BACKGROUND: The Environmental Exposure Unit (EEU) in Kingston, Ontario, Canada is a controlled allergen challenge facility (CACF) that has been previously clinically validated for the use of ragweed and grass pollen in clinical studies. In this study we aim to validate the use of birch pollen to challenge allergic participants.

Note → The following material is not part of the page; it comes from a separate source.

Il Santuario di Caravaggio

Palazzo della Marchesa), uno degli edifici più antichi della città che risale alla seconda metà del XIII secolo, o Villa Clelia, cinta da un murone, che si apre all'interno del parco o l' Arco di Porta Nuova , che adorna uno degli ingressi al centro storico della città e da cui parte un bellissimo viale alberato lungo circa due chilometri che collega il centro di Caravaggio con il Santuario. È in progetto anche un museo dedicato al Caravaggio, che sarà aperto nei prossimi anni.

METHODS: A total of 59 volunteers were screened and 38 birch allergic participants and ten non-allergics completed the study, outside of tree pollen season. Participants had to have a minimum of 2-year history of allergic rhinoconjunctivitis during the typical tree pollen season and have a positive skin prick test to birch allergen ≥5 mm from the control. Qualified participants were exposed to birch (Betula pendula) pollen for 4 h in the EEU and recorded their symptoms of sneezing, rhinorrhea, nasal congestion, nasal itch which comprised the total nasal symptom score (TNSS), as well as itchy/watery eyes, red/burning eyes and itching of ears/palate/throat which along with the TNSS comprised the total rhinoconjunctival symptom score (TRSS) along with Peak Nasal Inspiratory Flow (PNIF) at baseline and at 30 min intervals for the duration of exposure, then hourly for up to 12 h from the start of exposure.

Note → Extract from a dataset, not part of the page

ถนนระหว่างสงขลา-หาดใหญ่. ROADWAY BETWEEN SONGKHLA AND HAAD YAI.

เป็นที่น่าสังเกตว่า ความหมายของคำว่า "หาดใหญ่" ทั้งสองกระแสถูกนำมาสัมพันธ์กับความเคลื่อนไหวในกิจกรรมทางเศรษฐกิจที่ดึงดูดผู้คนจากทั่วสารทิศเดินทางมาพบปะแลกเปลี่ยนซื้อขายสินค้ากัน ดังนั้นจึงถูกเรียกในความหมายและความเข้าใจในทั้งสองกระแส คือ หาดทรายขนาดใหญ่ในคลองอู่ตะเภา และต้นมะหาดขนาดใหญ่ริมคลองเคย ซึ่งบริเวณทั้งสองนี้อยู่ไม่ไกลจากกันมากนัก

RESULTS: Allergic participants reported a gradual rise in TNSS and TRSS, reaching a mean and standard error of the mean of 7.08 ± 0.45 and 11.58 ± 0.93 respectively by 180 min from the start of exposure. Symptoms gradually declined to near baseline values following departing from the unit, reaching 1.9 and 2.7 by 450 min. Allergic participants reported significantly higher TNSS than non-allergics starting from 30 min (p < 0.01, two-way ANOVA with Bonferroni corrections), maintaining maximum significance from 60 to 300 min (p < 0.0001) and losing significance by 420 min. TRSS and PNIF followed similar trends as those seen with TNSS. Participants were phenotyped using previously published definitions using the TNSS into Early Phase Responders (EPR, 57.8 %), protracted EPR (pEPR, 39.5 %), and Dual Phase Responders (DPR, 2.7 %).

CONCLUSIONS: The EEU can competently challenge birch allergic participants and achieve statistically significant changes in symptoms and nasal airflow, while such changes are not reported in non-allergic controls. Trial registration NCT02351830 clinicaltrials.gov.